Rhys had not expected this. At the invitation of Horace Roper, Rhys approached the main house at the Gamble ranch. The frame structure resembled those he had seen in the East, a two-story building with a turret and wrap of porches, a rose garden and a picket fence in front. Inside he found gleaming walnut paneling and a handsome staircase descending into the front hall.
Rope led him into a parlor which opened off the hall, a room which had wisely been decorated in shades of cool blue. A pattern of forget-me-nots lined the pleasing wallpaper. Soft blue velvet covered the settee and chairs. The room was charming, tasteful, a departure from the austere adobe bunkhouse where he and Lucien had spent the night.

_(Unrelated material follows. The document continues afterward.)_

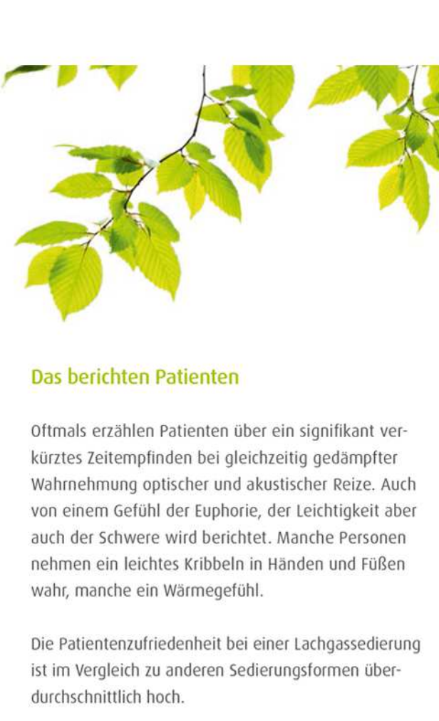
Eine Zahnbehandlung kann auch angstfrei und gelassen ablaufen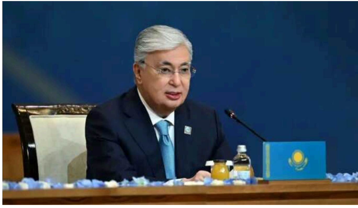
Президент Казахстану Токаєв висловив підтримку «мирному плану» Китаю та Бразилії щодо України

Президент Казахстану Касим-Жомарт Токаєв висловив необхідність спочатку прийняти рішення про зупинку бойових дій в Україні, а вже після цього обговорювати «територіальні питання», підтримуючи при цьому мирні ініціативи Китаю та Бразилії.

The house and parlor were not, however, the greatest surprise he received at the Gamble ranch. That credit belonged to the woman he observed descending the staircase. Her hair was carefully coiffed, her carriage straight, her countenance serene. His eyes followed as her gliding steps brought her to the last tread and her hand slid from the banister. She wore a dress of black silk, simply but beautifully cut. She was all elegance and grace, so different from Teddy Gamble that Rhys could hardly believe they shared the same bloodline.
“Madame Gamble.” He rose as she entered the parlor and introduced himself before Rope had a chance to do it for him. She offered him her hand. He took it and pressed his lips to the back of it. She was Felicity Gamble, Zack Gamble’s mother, Teddy’s grandmother. She was in mourning for her sons, one of whom she had not seen in many years. “I regret to have arrived with bad tidings,” he said sincerely. “I offer my sympathy and hope you can forgive my need to come here and—”
Her soft smile stopped him. “I understood my son Zachary, Mr. Delmar,” she said quietly. “He had an unwitting way of entangling others in his life and ours. I can hardly blame you for his actions.”
Teddy, in buckskin and boots, had come in behind Felicity. “Ha! Could have said no to a card game with an ailing man,” she mumbled.
“Teddy!”
“All right, Grandmother.” Teddy gave the older woman a quick, conciliatory kiss on the cheek. “Best manners in the house, I know.”
“See that you remember it.” Felicity gave her granddaughter a stern look. “Mr. Delmar is our guest.” She turned to Rhys then. “We would like you to join us for breakfast, Mr. Delmar.”
Rhys made a slight bow. “I am delighted to do so,” he said, smiling inwardly, feeling, at last, that he had an ally. Making a courtly display of his manners, he escorted the older woman to the dining room across the hallway. Rope and Teddy followed, pausing for a moment to speak privately while Rhys assisted Felicity into her chair. He’d have done the same for Teddy a moment later but she brushed him off. “Don’t need any help,” she said tersely.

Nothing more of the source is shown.